There is an extremely important text for the conflict in the 1830s between “Vietnam,” “Siam” and “Cambodia” that I have never seen an historian use before, and that is the The Strategy for Pacifying the Siamese Raiders and Thuận Bandits (Tiễu bình Tiêm khấu Thuận phỉ phương lược 勦平暹寇順匪方略).
This text contains very detailed information about the conflict between “Vietnam,” “Siam” and “Cambodia” in the early 1830s; much more detailed information than the Nguyễn Dynasty chronicles, The Veritable Records of Đại Nam (Đại Nam thực lục 大南寔錄), contains.
And from those details, one can gain very interesting insights into that conflict.

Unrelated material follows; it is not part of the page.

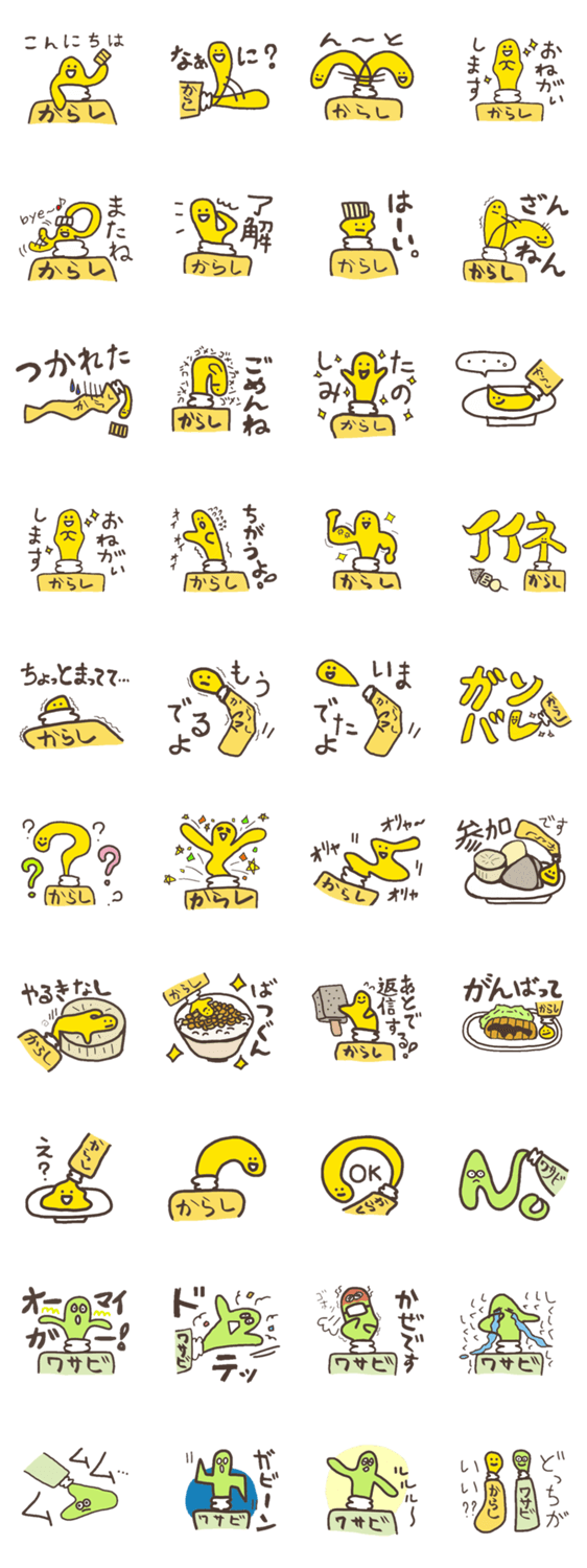 からしとワサビ 7mt コメントをどうぞ いつも脇役のからしとワサビが、スタンプでとうとう主役に!!普段はスパイシーなからしとワサビが、ゆるく活躍してくれます! このスタンプどう思う?!↓クリックで投票♪好き (0)かわいい (0)かっこいい (0)おもしろい (0)使いやすそう (0)欲しい (0)萌え (0)ほっこりする (0)おしゃれ (0)ゆるい (0)こわい (0)ウザい (0)キモい (0)ムカつく (0)持ってる (0)癒される (0)セクシー (0)個性的 (0)私は買わない (0)誰かプレゼントして! (0) 購入・プレゼントする Facebookでシェア Twitterでシェア
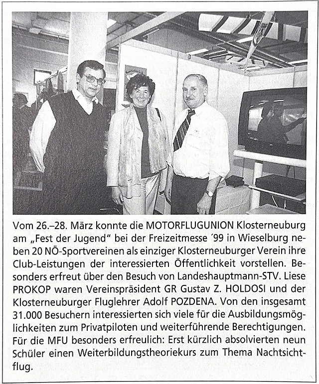 Der mit der Teilnahme an der Ausstellung sehr zufriedene Präsident GR Gustav Z. Holdosi: „Ich freue mich, dass die niederösterreichische Freizeitmesse eine derartige Begeisterung für den Motorflugsport ausgelöst hat“.

There is a document in this text, for instance, which talks about driving some Siamese forces out of Cambodia in 1834. It talks about how two groups of troops were involved in this effort: one Vietnamese, directed by Nguyễn Dynasty military officers, and the other, Cambodian, led by some oknha, or Cambodian officials.
As these two groups pursued the Siamese, they passed through areas where the Siamese troops had camped, and they had all been burned to the ground.
Eventually a Nguyễn Dynasty officer captured and interrogated a couple of Cambodian soldiers who had been fighting with the Siamese.
These two men revealed that the Siamese forces were actually made up of some Siamese phraya, or officials, as well as a Cambodian oknha, and that the troops consisted of Siamese, Cambodian and Lao soldiers. (8/8b-9a)

In other words, in this conflict you had Nguyễn Dynasty officials and Cambodian oknha fighting against Siamese phraya and Cambodian oknha who had Siamese, Cambodian and Lao troops. . .
So. . . who exactly was fighting whom? It certainly wasn’t a conflict between “the Vietnamese,” “the Siamese” and “the Cambodians.”